June saw the release of the second Sons of Alpha Centauri album – Continuum. An infectiously layered and immersive trip into space, the band’s progressive tendencies truly shine on this album, and it’s an enjoyable and substantial collection of tracks.
Check out the interview with Nick Hannon below, and make sure you give the album a spin too…
For those who are unfamiliar with your band – introduce yourself!
Hi, I’m Nick Hannon and I play bass in Sons of Alpha Centauri.
Give us a bit of background to Sons of Alpha Centauri
We formed around 2001 when me and Marlon decided that there was more to playing local shows with our mates. In ’98 we were both 16 and playing generator shows in our mates fields but we wanted to reach out from that and play more than just grunge. We wanted to encapsulate a whole load of new ideas and progressive playing and knew that to do that we had to spend time just writing before we got anyone else involved so we at least the music had affirmative shape and direction.
How do you feel that you fit into the wider UK metal scene?
Uh… I really don’t think we’re a metal band to be honest. Still, we’re more metal than post-rock as we sometimes get lumped in with that! There are some heavier ‘metal’ elements in there but they’re used sparingly. Yeah, I think of us more as like a trance rock band. Our sound is quite mesmerising and hypnotic so I think we’re more of a hypnotic trance out band really.
Give us a bit of background to Continuum – any particular concepts or ideas you want to discuss?
Continuum is more of an ambient prog rock album. We had a lot of ideas around the second album and I think a lot of people were expecting to dig deep in the stoner sound aspect of the debut album but we wanted to develop the harder and darker aspects of the debut for the follow up and curate it into a space concept. But build on the concepts of the debut. The overarching concept is really a trip to Jupiter and back and then how the vessel doesn’t make it back and it gets sucked into the Continuum. If you have the vinyl edition then the locked groove at the end of the vinyl is the vessel getting sucked into the Continuum – into infinity!
Tell us about the album artwork and what this represents
Well, the debut evolved from abandoned relics from World War II from where we live in Kent like Shivering Sands Forts and SS Montgomery. There is an abandoned Russian Cold War Submarine near where we live so we got access to that and while on board did photography and sculpted that as the vessel. It’s largely predicated on how if we hadn’t have had the Cold War and we all pulled on the same bit of rope after WWII then could we have taken that trip to Jupiter by now as species without having to be called there like in 2001: A Space Odyssey.
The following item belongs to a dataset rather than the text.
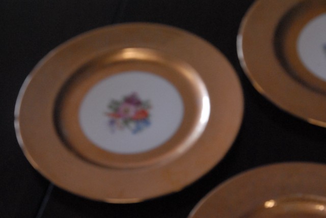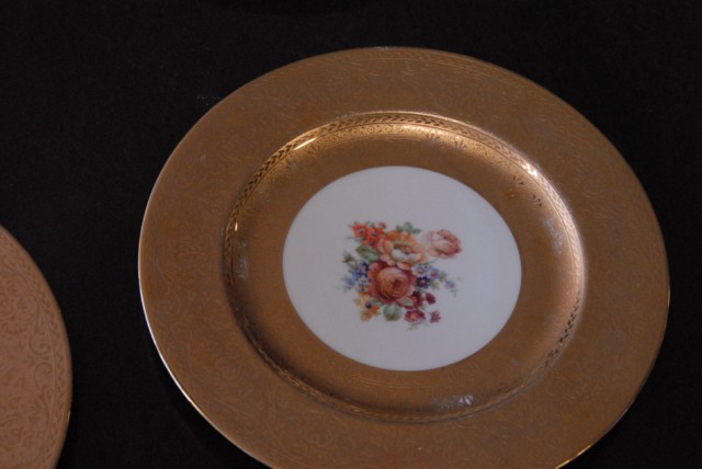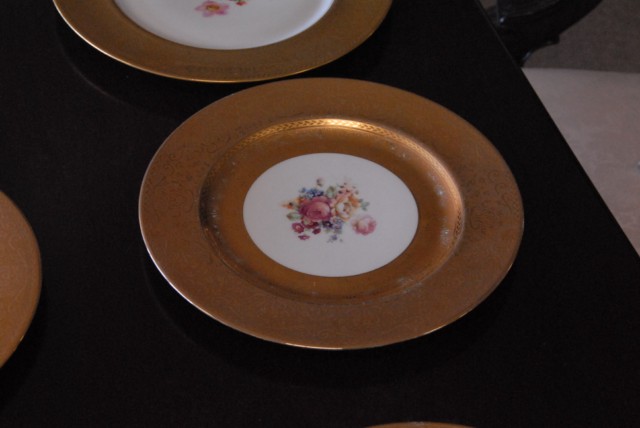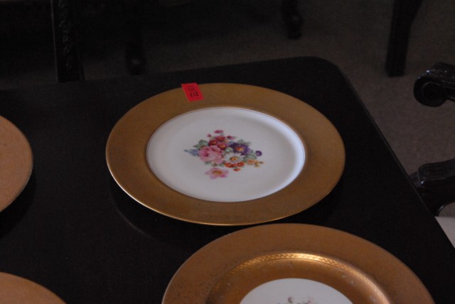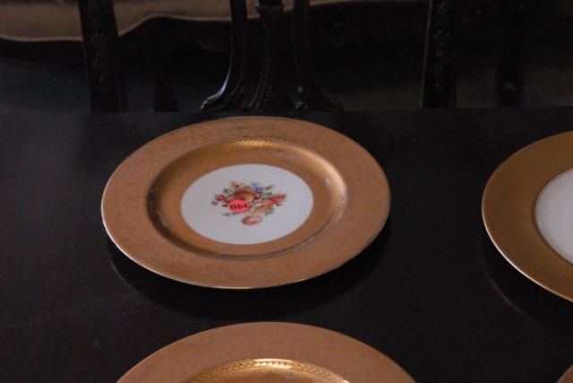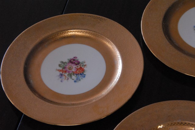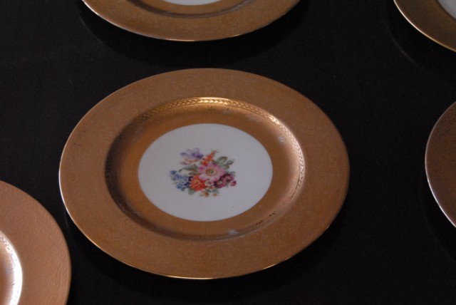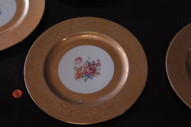 Group of 7 plates with heavy gold pattern, 6 of one pattern, 1 of another.

How did the recording process go?
We recorded over a period of about two years with Dan Lucas at Anchor Baby Studios in Kent. It’s deep in the countryside with like zero phone signal! Dan did a great engineering job and always gets the best out of us. He’ll be supportive to ensure that we get the very best takes and cuts from the band. We have some solid equipment and we’re not often sat trying to find God in the pedalboard, or on social media promoting nothingness to a white noise vacuum. Instead focus on the vibe of the track as a whole as opposed to our own personal instruments, personal opinions or anything outside of the essential content of the band we just focus on the music and the vibe with Dan.
What was it like working with Aaron Harris, (ex-Isis), and how did this come about?
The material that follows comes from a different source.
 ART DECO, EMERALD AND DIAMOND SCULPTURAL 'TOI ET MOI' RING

I met Aaron backstage at an ISIS show when we were working with Seldon Hunt on our debut and all of the associated design from that era of the band. We started talking and kept in contact over the years. As he moved into production and following the disbanding of ISIS and the release of the debut Palms album and the direction of the second album we knew he was our man. Aaron was super into it and we spent two years bringing it all together and he had involvement in shaping the songs and particularly their dynamic.
How would you say Continuum compares to your earlier work?
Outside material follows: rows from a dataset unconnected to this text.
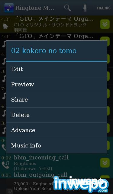 1. Download ringtone maker di Google Play, jalankan pilih lagu yang ingin kamu jadikan nada dering. Kamu juga bisa memotong lagunya sesuai keinginan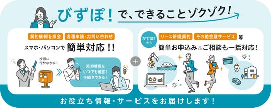 (※)びずぽ!…「小口販売金融」・「ベンダーリース」にて当社と取引のあるご契約者さま向けのビジネスポータルサイトです。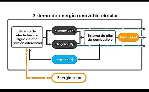 El sistema de energía renovable circular combina un sistema de electrólisis de agua a alta presión diferencial y un sistema de pilas de combustible, y está diseñado para producir oxígeno, hidrógeno y electricidad de forma constante a partir de energía solar y agua.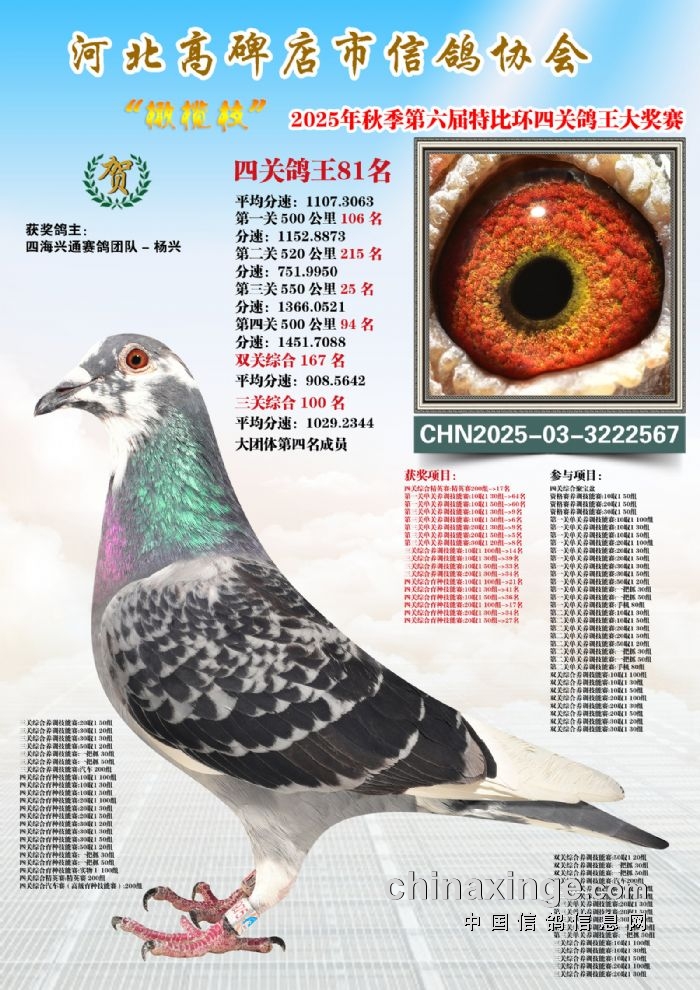 2025年秋特比环四关综合鸽王31-45名照片赏析

It’s more mature, and more focused. The production is more defined and we have refined it to be perfect to convey the album concepts and emotions. This album has blended more disparate styles of music and we’re really hoping that we’re creating something now which upon hearing a listener can start to identify it as SOAC. That for us is a key milestone in the band.
Do you have any upcoming shows you want to talk about?
We are playing with Yawning Man in Bristol at The Louisiana on the 28th July and again in London on 29th July at the Black Heart. Given our musical relationship and friendship with Yawning Man and the fact that it’ll be peak summer then it should be a good batch of shows with a mellow and cerebral environment for people to mellow out to.
Thanks so much for your interest and support to Sons of Alpha Centauri – we really appreciate it.